# I broke out of a ptsb fixed early. Will I get my tracker back?



## working mom (25 May 2015)

Took out a tracker mortgage in 2007 , first 5 years at a fixed rate , then to conver to the tracker after the fixed rate period ended. However rang PTSB in 2009 and was allowed to break the fixed rate period without incurring a penalty. Looked over the loan offer last night and it states  in the event of the applicant not requesting the tracker at the end of the fixed rate the mortgage will roll on to the tracker. However it also says in the special conditions no 5 applies in this case , I looked this up  and it says at the end of the fixed rate period PTSB and the applicant shall have the option to convert to the variable rate without incurring a redemption fee. 

I was nver offered  the tracker at the end of the fixed period.
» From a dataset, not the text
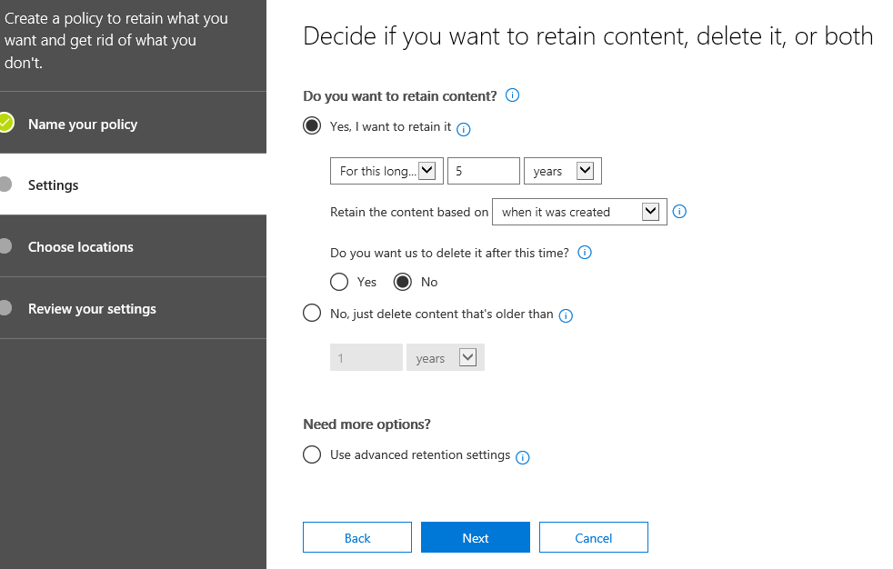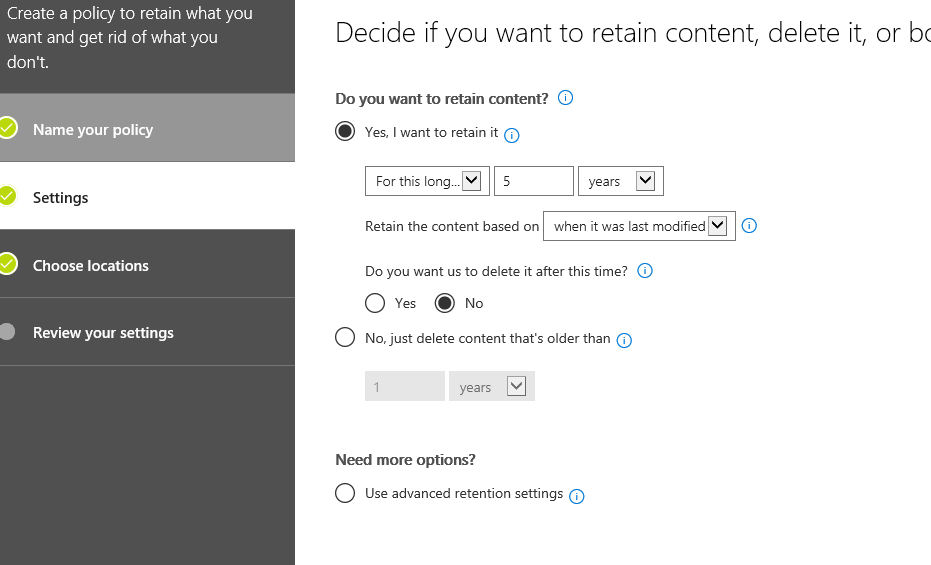 Its always better to configure retention for office 365 work loads in order to ensure that the data is available as per the company legal requirements. Usually we pay more attention to Email data and retention policies are applied to all mailboxes, however we might miss out to configure the retention on other work loads.

Anyone able to ad light on this , I'd appreciate it !


----------



## Brendan Burgess (25 May 2015)

You will be included in the ongoing review of the ptsb's lost trackers. You should hear in the next week or two what they have decided in your case.  So there is no need for you to do anything just yet. Wait until you see the outcome and then decide. 

Brendan


----------



## working mom (25 May 2015)

Brendan Burgess said:


> You will be included in the ongoing review of the ptsb's lost trackers. You should hear in the next week or two what they have decided in your case.  So there is no need for you to do anything just yet. Wait until you see the outcome and then decide.
> 
> Brendan


Thanks Brendan ,
I had no idea there was even an ongoing issue or a high court case until the recent article I read in one of the national newspapers.


----------



## Brendan Burgess (25 May 2015)

Hi mom

Around 2,000 people lost their trackers through breaking out of a fixed rate early. Something like 80 of them have lodged claims with the Ombudsman.   I just can't get my head around the fact that there are 1,920 people out there who have lost their trackers, and don't seem upset enough to take any action.  They were concerned enough to fix their rate in the first place, so it's not complete inertia.  On a €200k mortgage, the difference would be around €500 a month. 

Brendan


----------



## working mom (25 May 2015)

Hi Brendan ,

I would hazard a guess and say maybe they don't know they are entitled to it . I know I didn't. To be honest I had to search the house for the original loan aggrement as I couldn't remember the actual , mortgage type myself for sure. Also many people may have restructured their loans under the MARP process and I would guess a tracker was never mentioned and this would probably wipe out the original one !!


----------



## PTSBCase (25 May 2015)

I rang PTSB last week and was told that 1300 people are affected??? Saying that the detail they have been giving people seems to be inconsistent so hard to know what to believe. 
Fingers crossed for the outcome over the next 2 weeks to everyone affected.


----------



## working mom (25 May 2015)

Fingers crossed is right !!! I know it would make a huge difference to my situation .


----------



## working mom (27 May 2015)

I am just reading over my original post here , what it should say is " I have just looked over the letter of approval for the loan " Is this the same as the letter of offer ?


----------



## matan (27 May 2015)

Yes it is working mom.


----------



## working mom (27 May 2015)

GREAT ,

Thanks Matan


----------